Bihar’s performance in generating employment for women remains sketchy as well. A recent report by the Associated Chambers of Commerce and Industry of India revealed that of the total number of women labourers who migrate to Delhi, 32 per cent hails from Bihar. The data clearly indicate that the continuing paucity of jobs is forcing women, especially those from rural areas, to leave the state. Five-year-old data related to women’s participation in the labour market are as dismal: 13.8 per cent and 6.5 per cent in villages and cities respectively. Only 0.2 per cent of women held a diploma then.
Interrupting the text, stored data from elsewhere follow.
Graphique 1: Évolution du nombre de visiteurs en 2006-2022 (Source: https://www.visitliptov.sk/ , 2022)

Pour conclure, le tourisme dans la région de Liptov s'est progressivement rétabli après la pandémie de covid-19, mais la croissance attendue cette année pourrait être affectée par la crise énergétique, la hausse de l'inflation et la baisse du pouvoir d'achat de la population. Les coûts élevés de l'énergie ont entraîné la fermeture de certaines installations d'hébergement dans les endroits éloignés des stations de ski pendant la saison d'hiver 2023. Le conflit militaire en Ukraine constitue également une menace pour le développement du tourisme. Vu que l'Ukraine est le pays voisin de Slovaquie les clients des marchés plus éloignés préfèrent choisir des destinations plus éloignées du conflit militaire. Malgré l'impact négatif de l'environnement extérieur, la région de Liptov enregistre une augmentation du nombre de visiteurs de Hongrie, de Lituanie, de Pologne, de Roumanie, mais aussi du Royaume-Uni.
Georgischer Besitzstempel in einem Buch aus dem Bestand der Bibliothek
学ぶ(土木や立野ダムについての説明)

I was told that some of the government’s welfare measures for women — such as the formation of self-help groups and the distribution of uniforms and cycles to girl students — had proved to be popular, but Bihar still has a long way to go before it empowers its women socially and economically. It is improbable that Bihar’s women voters had forgotten the stark realities before the elections. Yet they had come out in large numbers and returned Nitish Kumar to power with a thumping majority. Why?
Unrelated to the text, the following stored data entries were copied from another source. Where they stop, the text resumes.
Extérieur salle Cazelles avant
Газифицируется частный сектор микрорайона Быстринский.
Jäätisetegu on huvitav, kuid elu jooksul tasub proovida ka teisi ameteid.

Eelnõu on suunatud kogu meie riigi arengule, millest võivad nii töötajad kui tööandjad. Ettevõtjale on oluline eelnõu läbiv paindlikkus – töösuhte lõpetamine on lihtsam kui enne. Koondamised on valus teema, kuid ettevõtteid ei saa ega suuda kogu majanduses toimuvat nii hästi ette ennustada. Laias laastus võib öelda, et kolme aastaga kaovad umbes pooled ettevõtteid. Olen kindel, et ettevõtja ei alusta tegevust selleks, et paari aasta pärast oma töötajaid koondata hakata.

Perhaps Kumar’s pioneering decision to reserve 50 per cent of the seats inpanchayats in 2006 had proved to be the determining factor. To find out whether the reservation of seats in local bodies had indeed led to a nascent sense of political empowerment of women, a colleague and I decided to travel to Mandai-di, a village in Hajipur district, approximately 80 kilometres from Patna, late one evening to meet a mukhiya, a woman named Lalita Devi, who had contested and won the panchayat elections. On our way, over roads mauled by unceasing traffic, past an imposing bridge across a seemingly endless river, I reflected on the uniqueness of the panchayat model followed in Bihar.
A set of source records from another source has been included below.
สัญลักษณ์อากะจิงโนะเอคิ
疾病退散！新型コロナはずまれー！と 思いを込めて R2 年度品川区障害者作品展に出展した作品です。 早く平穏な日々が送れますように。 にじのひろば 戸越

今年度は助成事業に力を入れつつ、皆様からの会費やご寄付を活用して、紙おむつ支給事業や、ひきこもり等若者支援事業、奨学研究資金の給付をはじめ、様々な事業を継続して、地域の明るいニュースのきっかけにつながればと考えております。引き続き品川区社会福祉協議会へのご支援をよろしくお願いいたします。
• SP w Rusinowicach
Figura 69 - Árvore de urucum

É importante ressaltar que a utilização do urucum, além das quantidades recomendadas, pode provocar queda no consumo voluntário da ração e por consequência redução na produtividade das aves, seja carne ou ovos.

Unlike in Bengal, Bihar’s political parties do not contest panchayat polls. Individual contestants in the fray are issued separate electoral symbols by the state EC. I was eager to know whether such a model, shorn of the trappings of debilitating politics, had succeeded in empowering Bihar’s women politically.

The initial signs were far from encouraging. We stopped at the mouth of Mandai-di to ask for directions to Lalita’s house. It was bitterly cold, there was no electricity, and the village lay enveloped in darkness. A few men, huddled in front of a crackling fire, swore that the mukhiya was not a woman, but a man by the name of Upinder, who, we discovered later, was Lalita’s husband. Somehow, we managed to reach our destination, after which Lalita served us delicious tea. But she herself stepped out of the room for the interview only upon her husband’s return.

Lalita, who looked to be in her early thirties, was indeed the mukhiya of Mandai-di. She was not unlettered, having studied till matriculation. She had two children — two little boys who watched the proceedings with interest from one of the rooms — and her life had changed considerably after she was elected. She remembers clearly how nervous she had been to step out of her home and preside over meetings to address the village’s problems. Earlier, Upinder used to accompany her to the meetings with villagers and officials, and she followed all his instructions carefully on such occasions. But, four years into the job, things have changed. Lalita still feels a little tense before such meetings, but she often attends them without Upinder in tow. Her knowledge of the problems that confront Mandai-di — the perpetual shortage of water, the lack of concrete roads, the absence of electricity and so on — has improved considerably, and she has begun to analyse the problems and offer solutions without depending on Upinder’s advice. Lalita admitted that she enjoys her responsibilities and the respect that she has earned from other villagers after becoming a mukhiya.

On hearing our voices, Lalita’s father-in-law, an ancient creature with a furrowed forehead, stepped on to the porch. Immediately, Lalita stood up, offered her seat to the old man and pulled the end of her sari over her forehead. But she continued to answer my questions in a slightly lowered voice. The old man, after being thoroughly ignored by the visitors and thebahu, left in a while, and Lalita quietly took her seat again. All this while, Upinder continued to nod, smile and gaze proudly at his wife. When Lalita went inside to fetch another cup of tea, a young man, perhaps Lalita’s relative, admitted sheepishly that he felt strange, and even angry, given the changes that were taking place.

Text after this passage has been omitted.